Having just closed a case that brought him a big retainer, Wolfe, currently immersed in reading The Hidden Persuaders and Silent Spring, isn’t eager to listen to rival orchid grower Lewis Hewitt’s friend Broadway producer Roy Breckenridge. Even after he responds to the irresistible bait Hewitt dangles before him, Wolfe learns little from Breckenridge’s account of vague misgivings about his production of Death at Cresthaven despite its laudatory reviews and respectable box office earnings. Since Wolfe leaves home only to visit his barber, he sends Archie to poke around in the guise of one Alan MacGregor, a writer for the fictitious StageArts Canada, recalling Archie's similar role in Rex Stout's If Death Ever Slept (1957). Archie’s cover keeps his interviews with Tony-hungry leading lady Ashley Williston, Hollywood action star Brad Lester, juvenile Steve Peters, ingénue Melissa Cartwright, character actors Max Ennis and Teresa Reed, and stage manager Hollis Sperry anodyne, and he’s looking elsewhere when somebody spikes Breckenridge’s Coca-Cola with arsenic.

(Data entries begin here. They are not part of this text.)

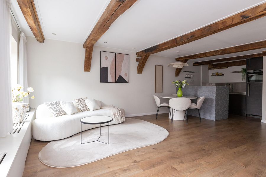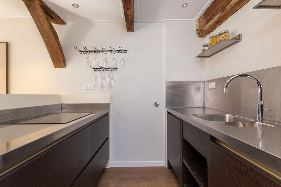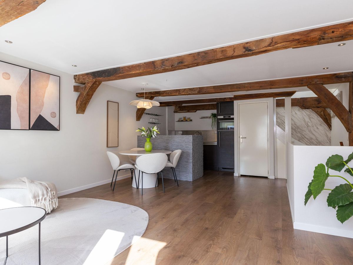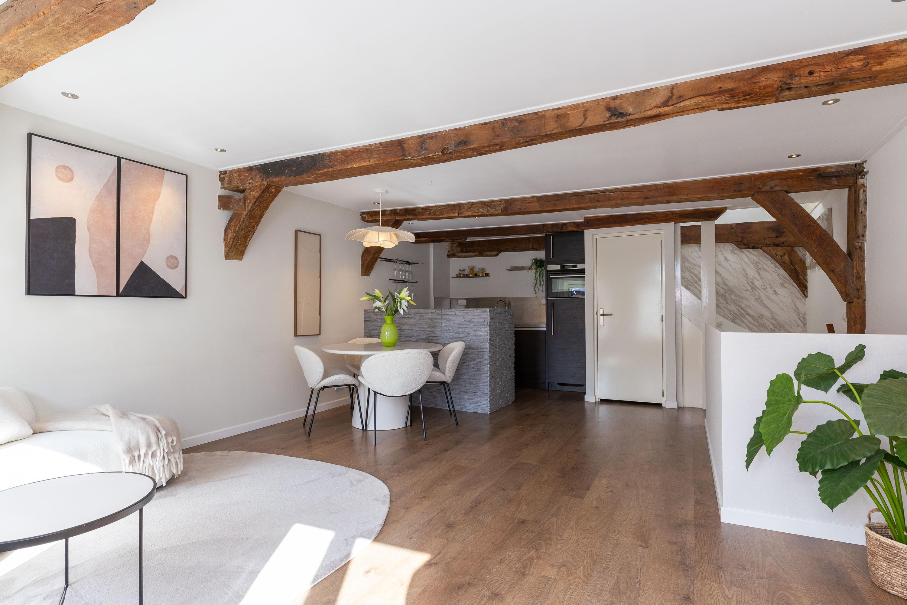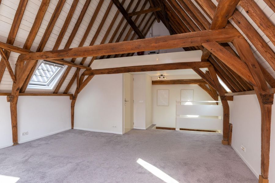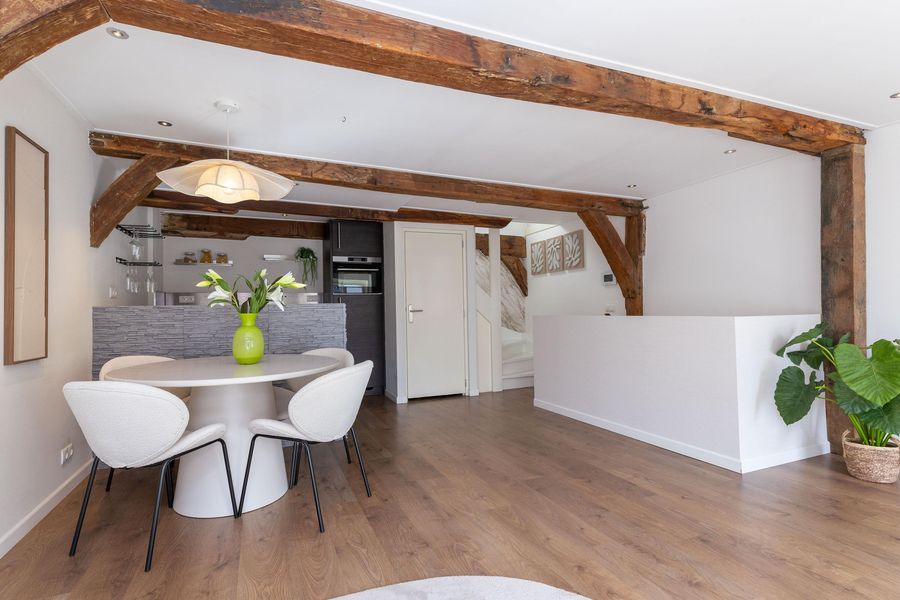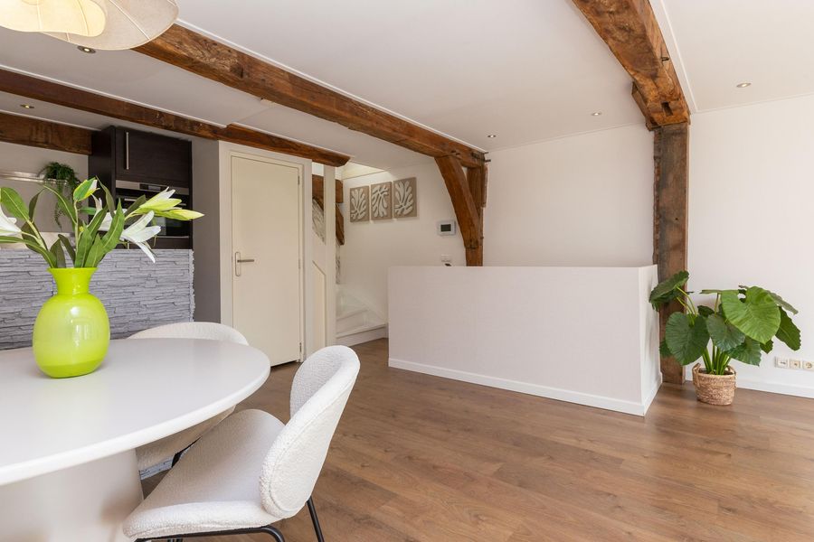 Op de eerste verdieping bevinden zich de keuken en de woonkamer. Met een oppervlakte van circa 36 m² is er voldoende ruimte voor een comfortabele zit- en eethoek. De parallel opgestelde keuken, met vaste bergkast, is voorzien van een Quooker, vaatwasser, combi-magnetron, koelkast en inductie kookplaat. Het sfeervolle balkenplafond is uitgerust met inbouwspots, de strakke wand- en plafondafwerking maken het geheel compleet.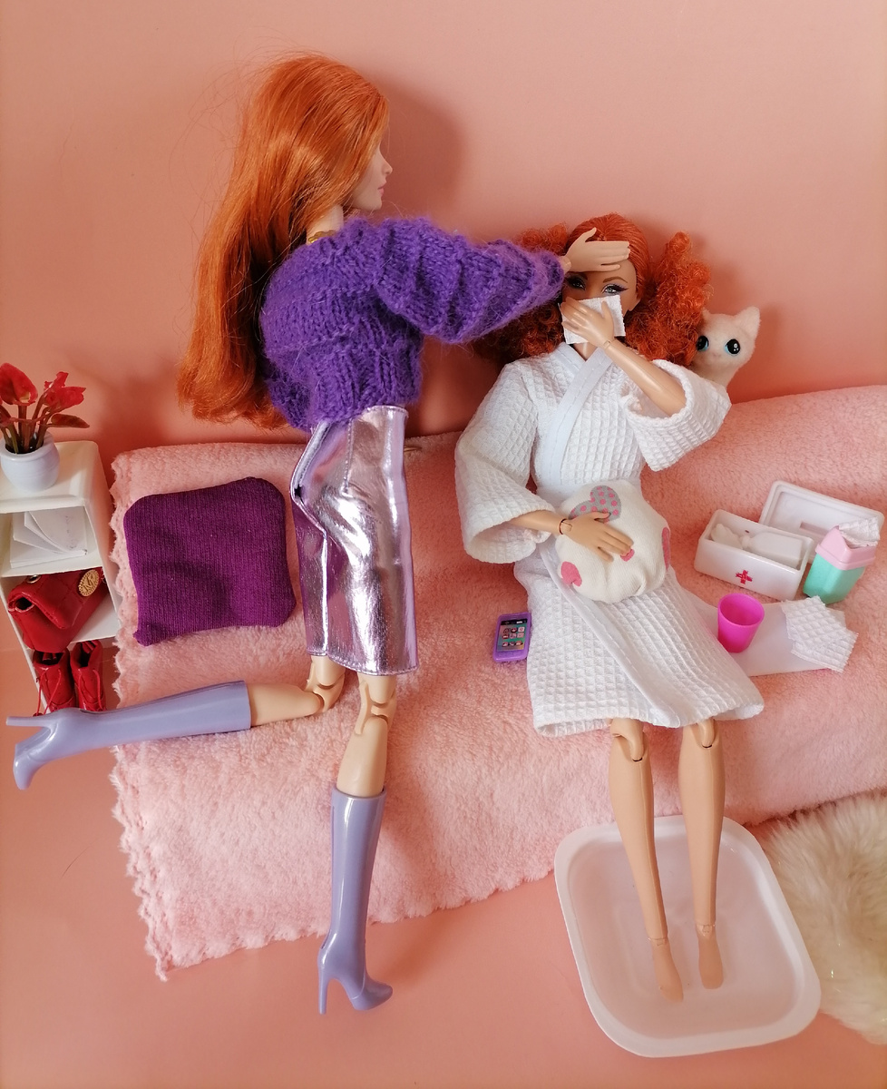 Дневник барби ведёт Андрея (barbie looks#20) Я вернулась домой после очередного собеседования, а тут Кристина сидит вся в соплях ноги греет. Андрея: -Ты же с утра хорошо себя чувствовала. Кристина: -Я немного погуляла. Все знают, что Кристина очень любит цветы в любом виде и остальное к ним прилагающееся. Потому этим утром к нам загянула Фрида и подарила Кристине вазу сделанную своими руками. Кристина обрадовалась подарку и тут же отправилась к болотам, потому что в голове у нее родилась (на ее взгляд) восхитительная мысль. Кристина: - так вот, пока я шла домой очень замёрзла, уже выбросила этот камыш и хотелось бежать скорее в тепло, но нет - я его подобрала вновь, полюбуйся какая красота! "Сомнительно, но окэй"- подумала я. Андрея: - лишь бы тебе нравилось! Кристина: - а тебе нет!? Андрея: - нравится конечно, ложись скорее, буду тебя лечить. Мне нравится характер Кристины, если она что-то задумала, ее не остановить. Спасибо что заглянули в мой дневничок! Сопли уже вылече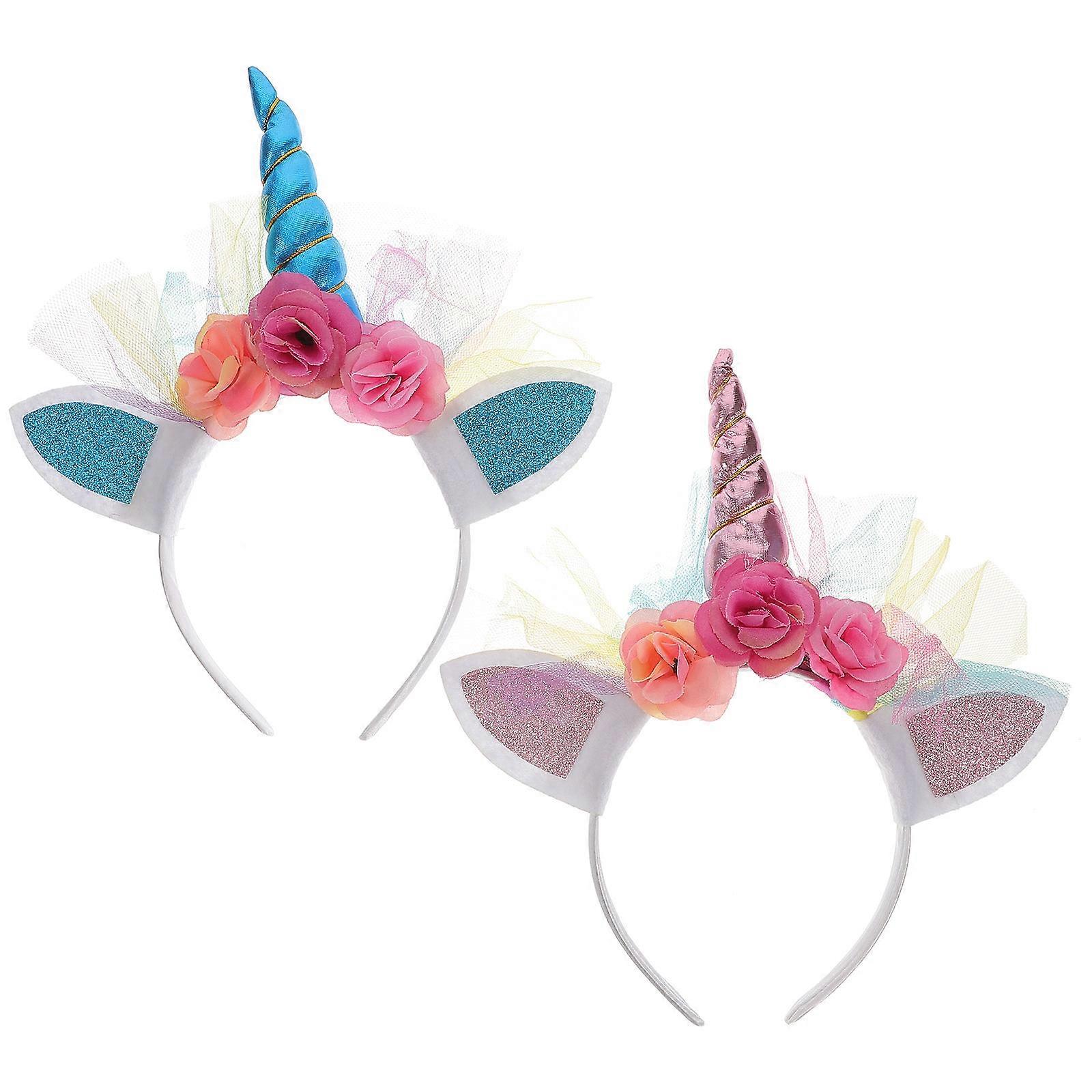 Cute Headband Decoration Unicorn Headband With Mesh And Flower Blue Girls Kids Party Headdress 10 03x9 25x2 36inch 2Pcs

Wolfe, predictably miffed—though no more miffed than Inspector Cramer or Lon Cohen, Archie’s pal at the New York Gazette—summons the suspects seriatim to his brownstone, spots a telltale omission few readers will notice, and announces the culprit at a ritual gathering of them all at the same venerable location.
Grade A for franchise allusions, B-minus for dialogue, C for backstage atmosphere, and F for plotting, since Goldsborough relies on the same relentlessly unvaried Q-and-A that gave golden-age mysteries such a bad name. As the new homicide cop says: “This has been one colossal waste of time.”